Over the years, linkage and small-scale candidate gene studies were successful in the identification of genes that caused monogenic variants of T2D, such as maturity onset diabetes of the young (MODY), syndromes of insulin resistance and Wolfram syndrome [6, 9]. However, when applied to the more common, complex forms of T2D these methods were largely unsuccessful. Combined analysis of multiple studies eventually yielded a number of chromosomal locations with suggested evidence for linkage; however none have revealed the underlying loci [10, 11]. On the other hand, small-scale candidate gene approaches identified only two loci reproducibly associated with T2D, PPARG and KCNJ11 [12–14] (Figure 1). Large-scale association and targeted evaluation of common variants within genes known to be involved in monogenic forms of diabetes identified an additional two signals, at WFS1  and HNF1B  (Figure 1).
The signal with the strongest effect for T2D was identified early in 2006 through the identification of a suggestive linkage signal at 10q. Researchers at deCODE subsequently fine-mapped the region and discovered the robust association of the TCF7L2 (transcription factor 7-like 2) gene with T2D  (Figure 1). Despite this successful finding, the common variants in TCF7L2 did not explain the original signal on chromosome 10, suggesting that additional, undiscovered, and rare pathogenic variants may still account for the original linkage signal. TCF7L2 was not a known biological candidate at the time of its discovery, its finding illustrated the power of an unbiased or ‘hypothesis free’ approach to reveal important novel insights regarding disease aetiology.
Since linkage scans were shown to have less power than association studies to detect the small genetic effects expected for loci involved in complex diseases , the ability to scan the entire genome for association in such an unbiased way was a very attractive prospect. In addition, there was the practical advantage that large samples of unrelated cases and controls could be collected much more easily than family-based samples.
GENOME-WIDE ASSOCIATION STUDIES
There were several key developments that made genome-wide association studies (GWAS) possible. The first was the completion of the human genome sequence which in turn led to detailed maps of common single nucleotide polymorphisms (SNPs) and patterns of linkage disequilibrium (LD—statistical dependence of alleles at two genetic loci) produced by The International HapMap Consortium (HapMap) , and later maps of common copy number variants (CNVs) [20, 21]. Information on the extent of LD was used to show that in European populations, approximately 500 000 SNPs could be used to serve as proxies for ∼80% of common variants , prompting commercial companies to design high-throughput high-accuracy genotyping arrays. The collection of large, well-phenotyped samples from cohort and case–control studies combined with the advances in genotyping technology meant that it was then both technically and financially possible to genotype many thousands/millions of variants in large numbers of samples. Finally, there were methodological advances, including statistical tools such as PLINK  that were made freely available, facilitating the design, analysis and interpretation of the large amounts of data being produced.

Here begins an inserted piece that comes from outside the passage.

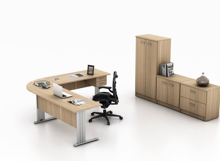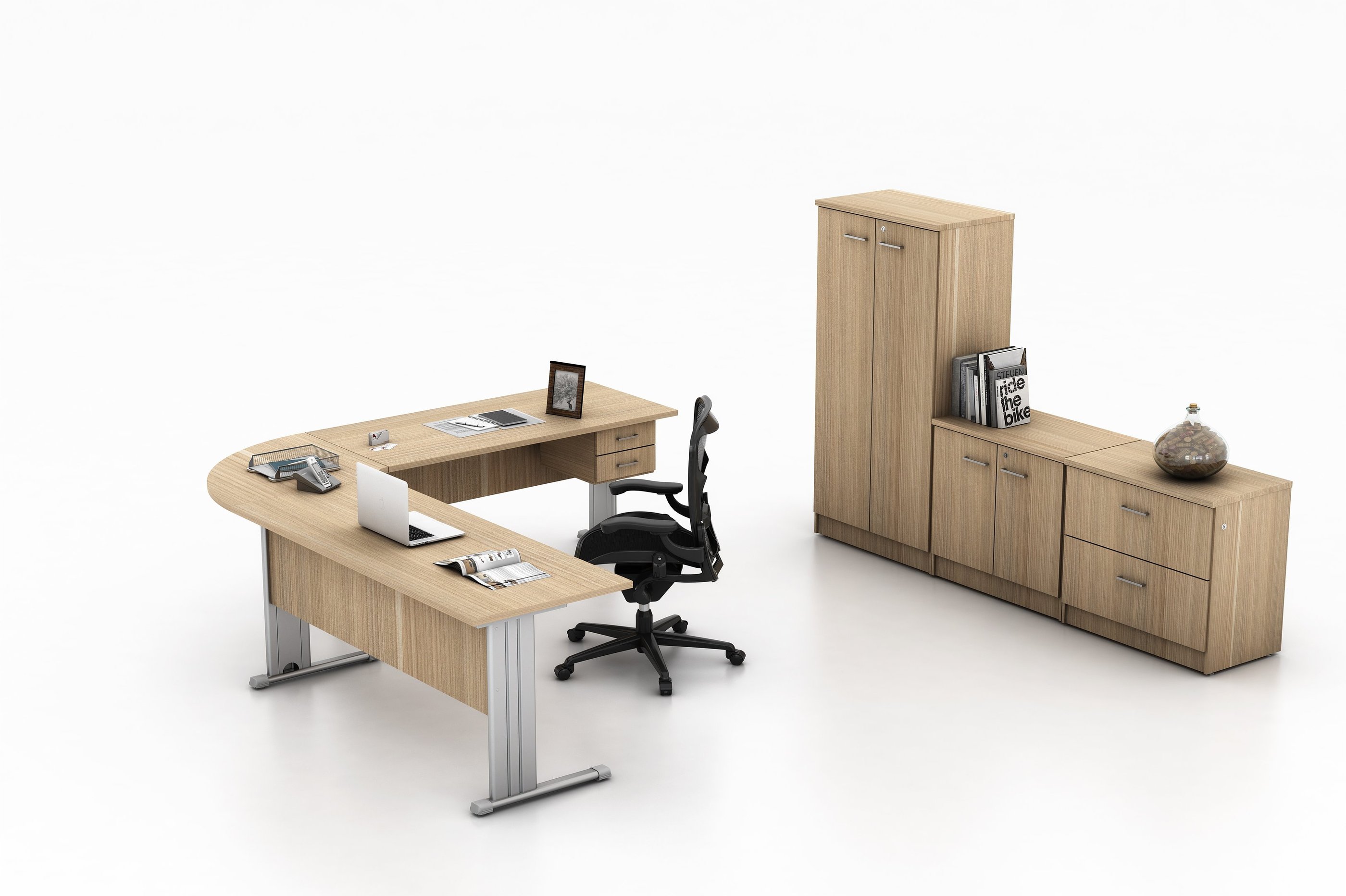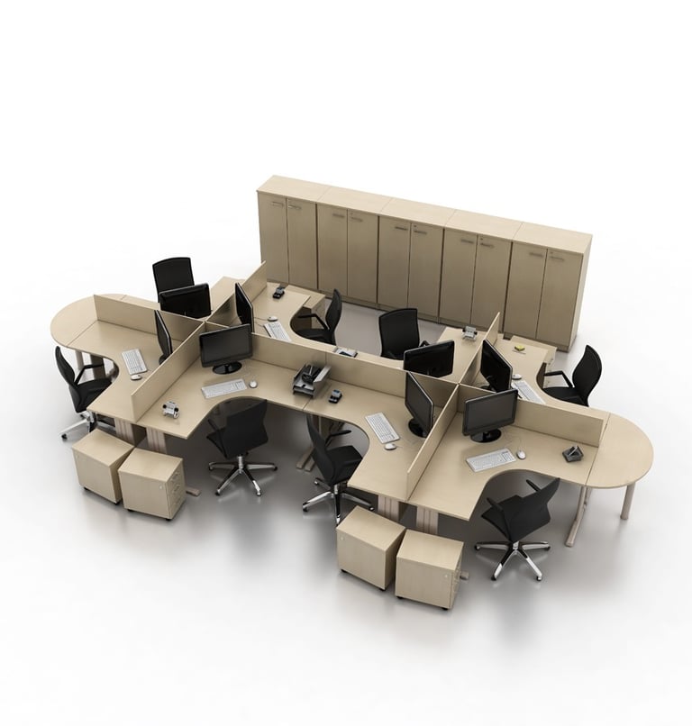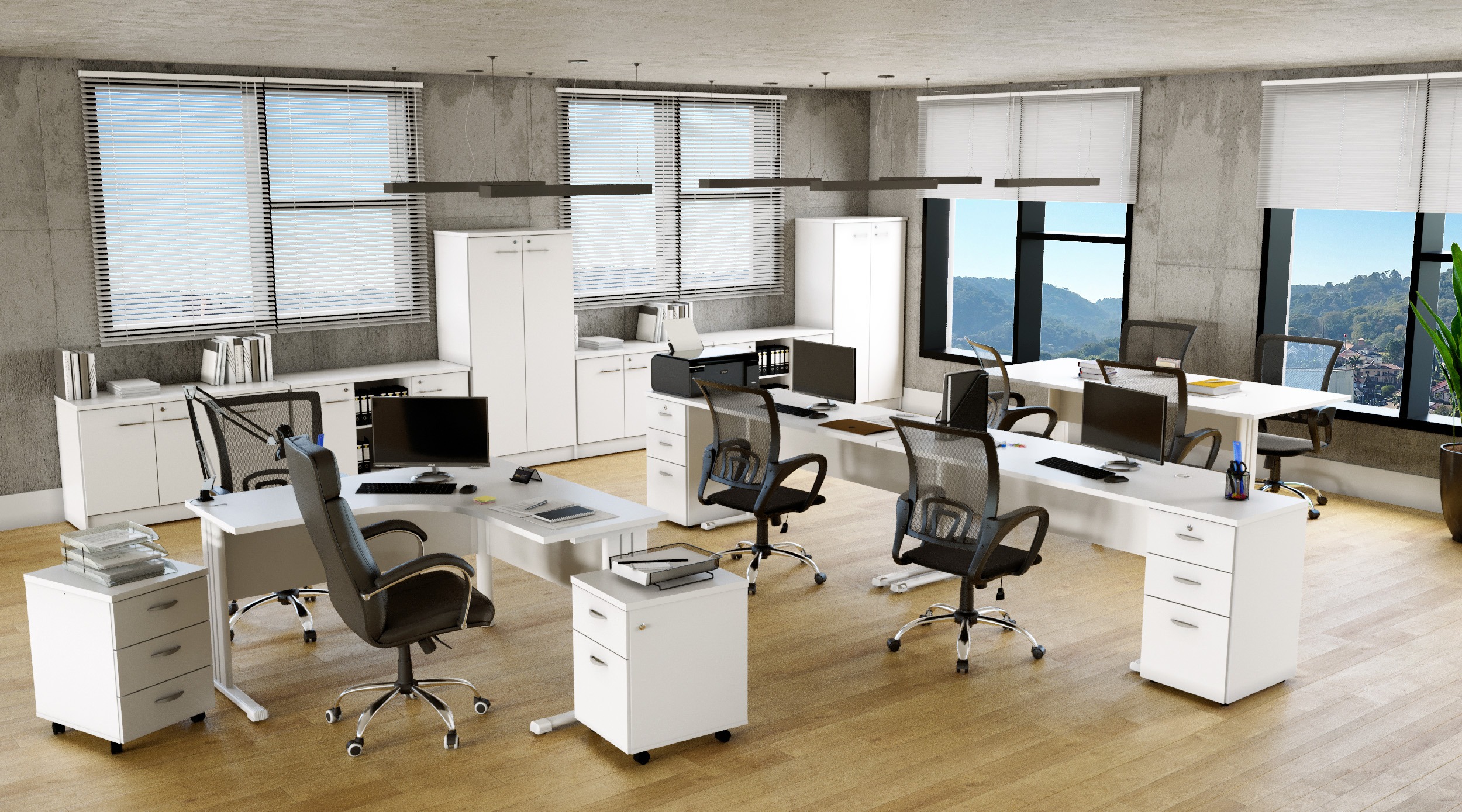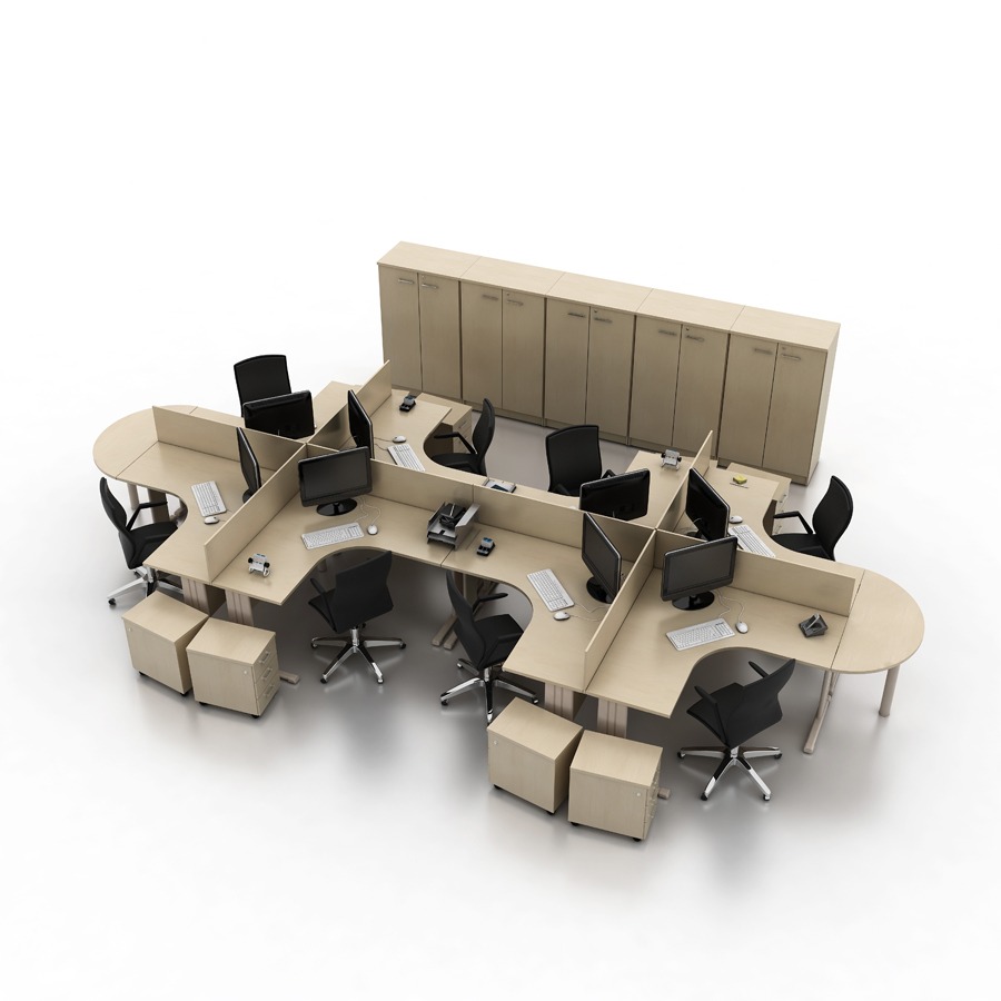A linha New Office é perfeita para a montagem de grandes espaços que demandam a articulação de um staff numeroso, com opções de prolongamentos, configurações em L e uma linha de complementos com diversos acessórios.

When performing such large numbers of association tests, the importance of stringent significance thresholds was recognized. Empirical estimation of 1 million independent tests across common variants in the genome of Europeans led to P = 5 × 10−8 becoming the generally accepted threshold below which genome-wide significance was declared [24, 25]. Suggestive signals identified in an initial discovery sample set are then routinely validated using a staged design which incorporates a second, sufficiently powered, sample set. Finally, it is important to note that when describing an association, it has become standard practice to refer to the identified signal by the closest gene(s) name(s); but this does not necessarily mean that the gene itself is causal.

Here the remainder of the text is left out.